After recording Beat Crazy the band broke up and Jackson put out Jumpin’ Jive, an album of Cab Calloway covers! Because, of course, this is a natural career move after releasing two power pop/new wave albums and… No, I can’t finish the sentence. This was a really strange thing to do. As a fanboy (a Jacksonaut?), I was perplexed and none too pleased by this choice (until later in life when swing became one of my favorite genres). Jumpin’ Jive was followed by a pianocentric pop album, Night and Day. I enjoyed the album, but it was lacking in the edge that was so wonderful in Look Sharp!.

As is so often the case, my interest in Jackson’s music waned as time went on and I remained focused on his first few records. I still bought the new albums as they came out, but never seemed to listen to them quite as much as the early ones. But those first five records became an indelible part of my lifescape.

Is She Really Going Out With Him? from Look Sharp! is one of the songs that best represents my high school and college years. It is an obelisk commemorating the deluge of quirky music that opened my eyes to art’s possibilities. Or something like that. And there was the added bonus of having a friend named Jeanne who really hated to hear its lyrics:

 Look over there! (Where?)
Here comes Jeanne with her new boyfriend
They say that looks don’t count for much
If so, there goes your proof

I can’t overstate how different, daring, edgy this music seemed in 1979. It was truly an exciting time to come of age, as it were.

Let us consider another great tune from 1979, this one found on the album I’m the Man. The song? It’s Different for Girls.

No, not love she said
Don’t you know that it’s different for girls?
You’re all the same

With slow and introspective music, the lyrics are a conversation about the differences between men and women, about a particular man’s difficulty in understanding women. The simple ringing guitar lead is invasive, a true earworm that immediately evokes this lovely song. You can hear this one on Joe Jackson’s Greatest Hits album.

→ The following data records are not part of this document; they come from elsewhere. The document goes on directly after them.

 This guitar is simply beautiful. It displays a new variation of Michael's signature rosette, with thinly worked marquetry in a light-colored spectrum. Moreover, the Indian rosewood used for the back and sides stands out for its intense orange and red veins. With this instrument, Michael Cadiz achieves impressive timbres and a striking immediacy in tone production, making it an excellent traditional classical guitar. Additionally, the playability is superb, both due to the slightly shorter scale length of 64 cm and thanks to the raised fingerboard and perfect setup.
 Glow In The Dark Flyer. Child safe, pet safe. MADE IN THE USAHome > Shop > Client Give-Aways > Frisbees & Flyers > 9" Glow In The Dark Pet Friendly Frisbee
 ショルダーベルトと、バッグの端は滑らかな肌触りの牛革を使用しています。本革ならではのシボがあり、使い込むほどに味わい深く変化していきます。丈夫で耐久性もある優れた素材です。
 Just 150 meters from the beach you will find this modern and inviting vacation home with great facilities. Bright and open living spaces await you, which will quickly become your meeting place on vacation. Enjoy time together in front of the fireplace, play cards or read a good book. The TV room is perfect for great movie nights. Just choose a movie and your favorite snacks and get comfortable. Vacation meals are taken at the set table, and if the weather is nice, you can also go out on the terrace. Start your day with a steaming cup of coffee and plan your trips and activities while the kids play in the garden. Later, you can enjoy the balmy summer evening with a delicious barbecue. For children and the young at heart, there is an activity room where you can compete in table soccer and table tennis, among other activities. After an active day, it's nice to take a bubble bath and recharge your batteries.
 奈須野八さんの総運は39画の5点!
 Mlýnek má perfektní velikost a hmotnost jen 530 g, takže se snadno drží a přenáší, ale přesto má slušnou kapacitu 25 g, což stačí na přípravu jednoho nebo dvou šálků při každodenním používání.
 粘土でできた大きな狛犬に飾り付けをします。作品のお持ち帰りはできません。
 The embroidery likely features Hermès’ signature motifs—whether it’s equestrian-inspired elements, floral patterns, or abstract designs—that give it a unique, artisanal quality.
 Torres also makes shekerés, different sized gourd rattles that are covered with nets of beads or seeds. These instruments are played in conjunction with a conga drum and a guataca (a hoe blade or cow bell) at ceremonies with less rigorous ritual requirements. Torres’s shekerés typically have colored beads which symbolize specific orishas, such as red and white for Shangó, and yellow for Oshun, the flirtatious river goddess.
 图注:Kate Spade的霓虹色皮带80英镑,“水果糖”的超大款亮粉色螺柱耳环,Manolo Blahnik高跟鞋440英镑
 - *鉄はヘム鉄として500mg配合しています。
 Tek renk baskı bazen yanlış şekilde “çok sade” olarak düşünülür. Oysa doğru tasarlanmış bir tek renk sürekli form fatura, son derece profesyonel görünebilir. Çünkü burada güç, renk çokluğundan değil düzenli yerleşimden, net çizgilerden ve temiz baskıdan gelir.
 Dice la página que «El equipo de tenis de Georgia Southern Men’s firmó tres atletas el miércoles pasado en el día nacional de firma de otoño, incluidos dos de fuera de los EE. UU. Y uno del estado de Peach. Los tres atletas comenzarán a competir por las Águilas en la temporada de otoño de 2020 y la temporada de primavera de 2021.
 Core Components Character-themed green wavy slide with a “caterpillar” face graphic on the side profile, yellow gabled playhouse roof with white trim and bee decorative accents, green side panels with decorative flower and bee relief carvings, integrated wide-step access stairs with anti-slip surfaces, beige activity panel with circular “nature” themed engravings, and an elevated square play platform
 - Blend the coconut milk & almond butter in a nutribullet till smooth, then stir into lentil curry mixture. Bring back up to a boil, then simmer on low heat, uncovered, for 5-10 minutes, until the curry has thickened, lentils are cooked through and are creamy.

Jackson also released other albums, but I don’t care about them.

But I joke.

Later in life Jackson wrote a symphony, reunited the band, and released many more albums. Some might call him a renaissance man, I call him Mr. Jackson. His music is well worth checking out, so make it so!

Finally, I leave you with philosophical and educational lyrics from Evil Eye, off of Beat Crazy. Enjoy.

I stack a pig’s head on the shelf
The boss comes along and says move yourself
I can’t move I’m hypnotized
Staring into a dead pig’s eyes

The Name Of This Band Is…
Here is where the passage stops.